Work task » In the data below, find the line with "駕駛過程中操控左右兩側的踏板" and the line with "大臂素花纹身 9款女士的大臂黑灰花朵植物纹身图案", then restate both and every line between them exactly, minus the pictures.

----- Record set -----

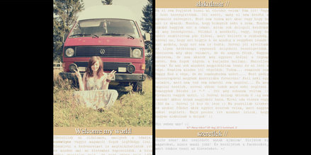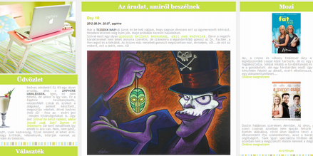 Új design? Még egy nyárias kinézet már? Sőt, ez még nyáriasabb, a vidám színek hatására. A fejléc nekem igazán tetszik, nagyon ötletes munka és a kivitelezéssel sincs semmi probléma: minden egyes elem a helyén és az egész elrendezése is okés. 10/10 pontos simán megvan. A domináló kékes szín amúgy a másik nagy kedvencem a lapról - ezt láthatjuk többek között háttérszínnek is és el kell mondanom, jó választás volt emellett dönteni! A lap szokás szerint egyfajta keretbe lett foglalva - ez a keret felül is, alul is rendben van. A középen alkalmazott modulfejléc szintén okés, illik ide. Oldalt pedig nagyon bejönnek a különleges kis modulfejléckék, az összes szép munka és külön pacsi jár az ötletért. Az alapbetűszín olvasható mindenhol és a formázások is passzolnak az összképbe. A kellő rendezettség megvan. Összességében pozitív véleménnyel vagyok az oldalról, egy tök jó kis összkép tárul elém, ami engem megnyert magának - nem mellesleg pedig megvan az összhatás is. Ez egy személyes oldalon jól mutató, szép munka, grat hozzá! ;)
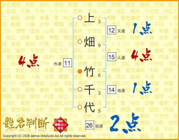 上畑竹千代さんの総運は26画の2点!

-----
----- Record set -----

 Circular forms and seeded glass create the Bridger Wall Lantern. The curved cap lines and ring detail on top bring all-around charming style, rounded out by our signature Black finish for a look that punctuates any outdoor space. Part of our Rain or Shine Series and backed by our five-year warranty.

-----
----- Record set -----

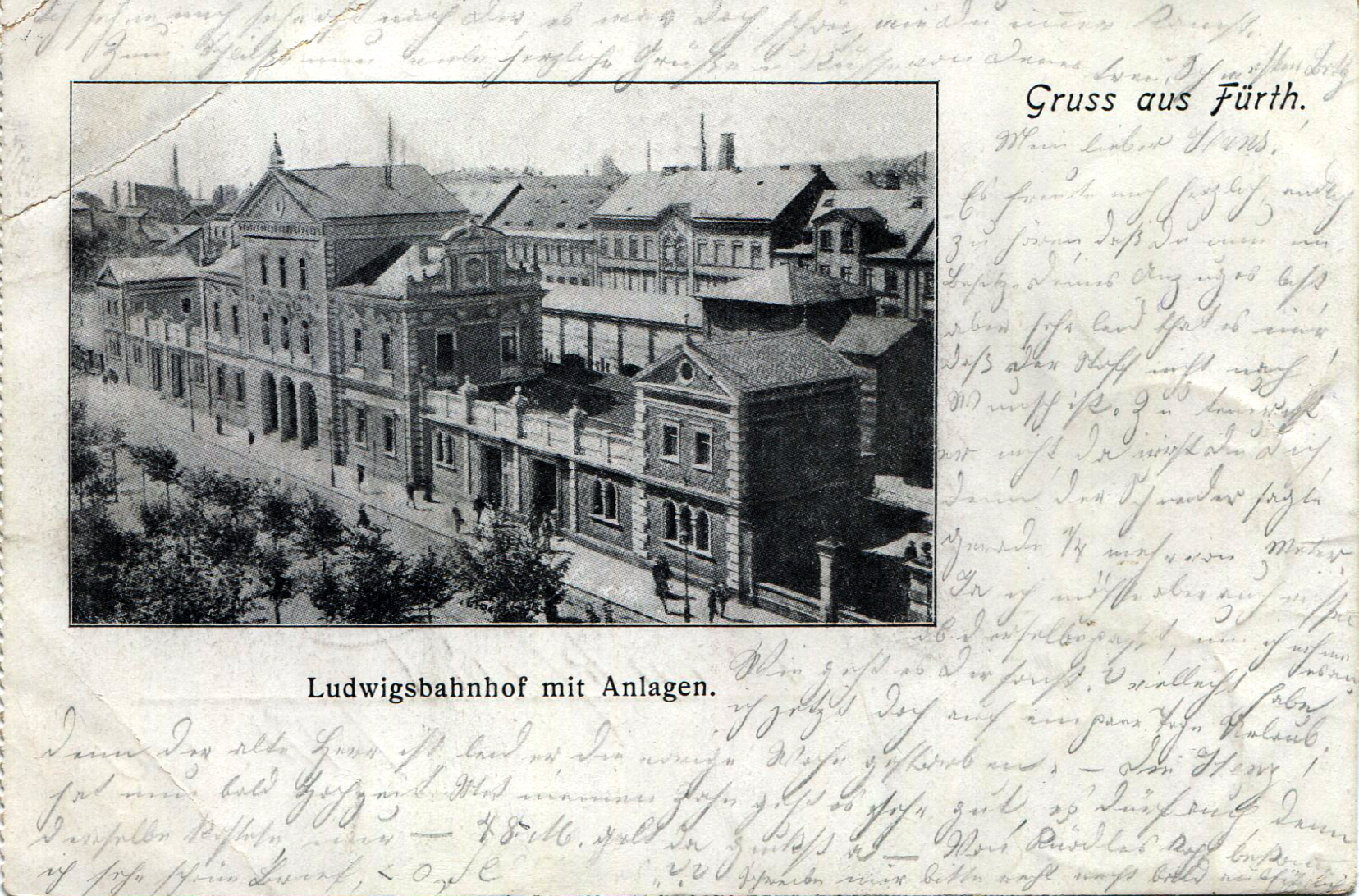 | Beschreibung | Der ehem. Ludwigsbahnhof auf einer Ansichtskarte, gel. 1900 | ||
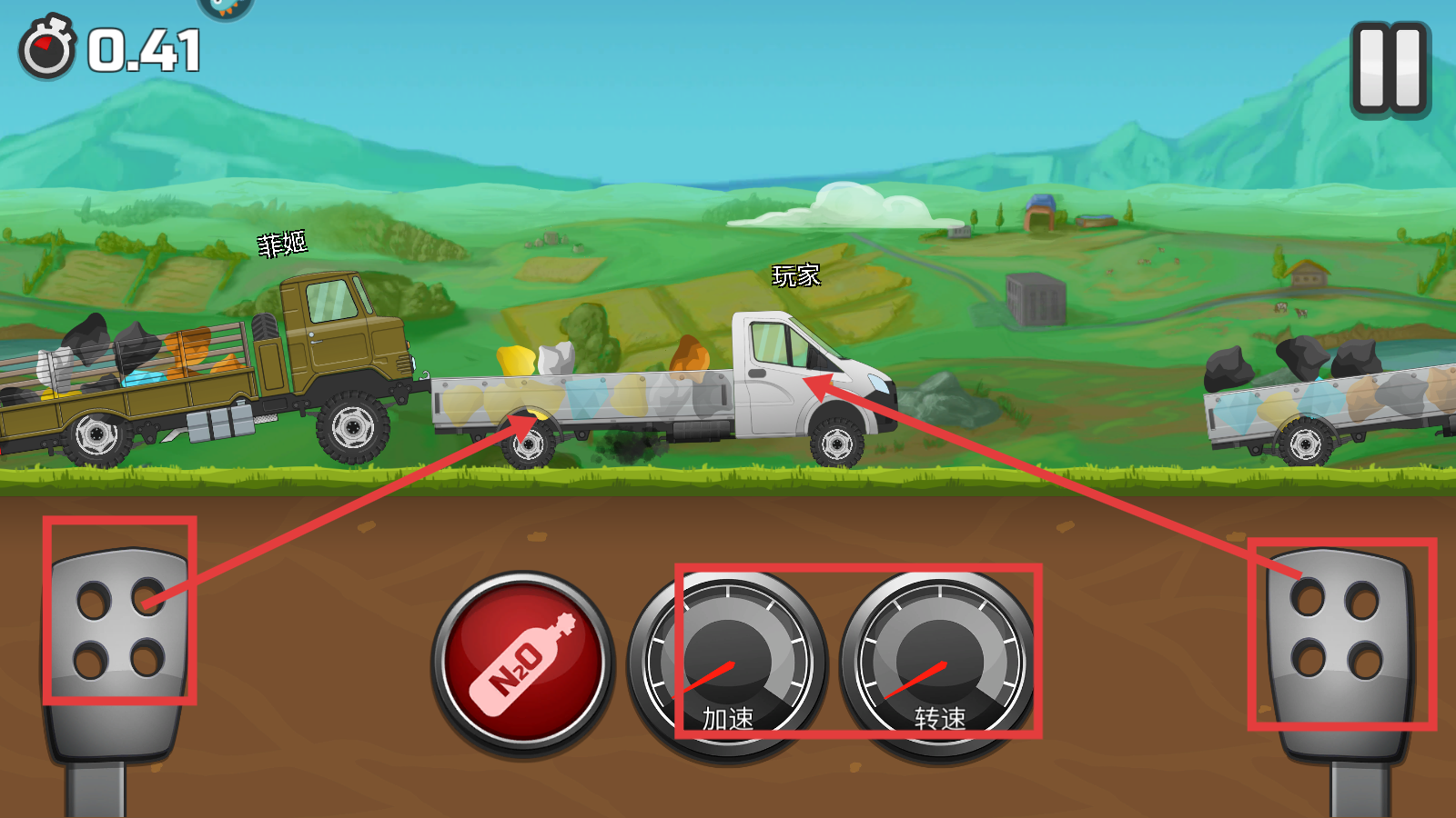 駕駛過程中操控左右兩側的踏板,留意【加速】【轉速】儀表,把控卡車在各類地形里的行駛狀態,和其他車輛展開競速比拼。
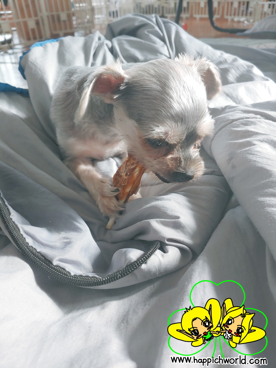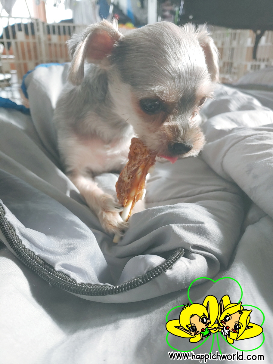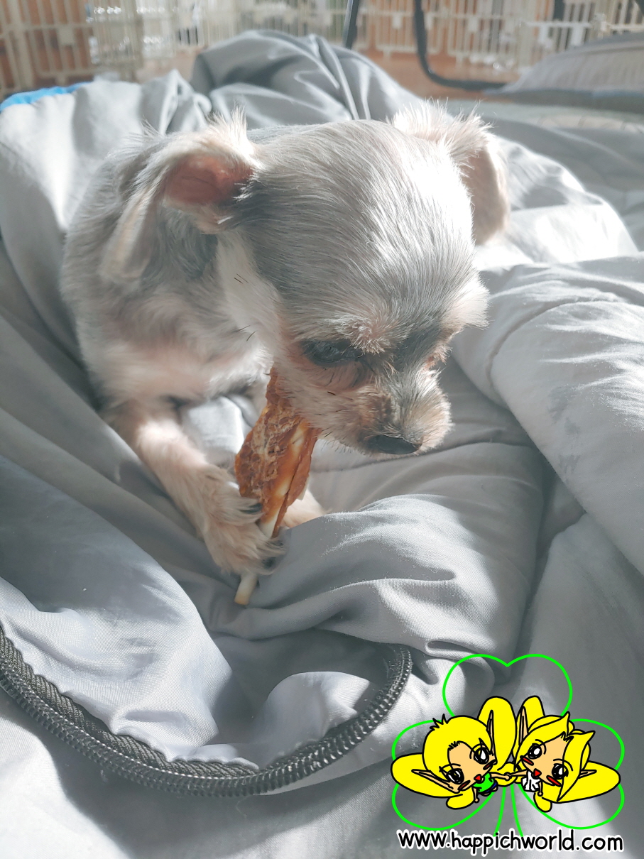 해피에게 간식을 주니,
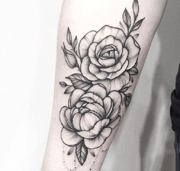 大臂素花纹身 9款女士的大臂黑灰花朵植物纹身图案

-----

Written solution »
 駕駛過程中操控左右兩側的踏板,留意【加速】【轉速】儀表,把控卡車在各類地形里的行駛狀態,和其他車輛展開競速比拼。
 해피에게 간식을 주니,
 大臂素花纹身 9款女士的大臂黑灰花朵植物纹身图案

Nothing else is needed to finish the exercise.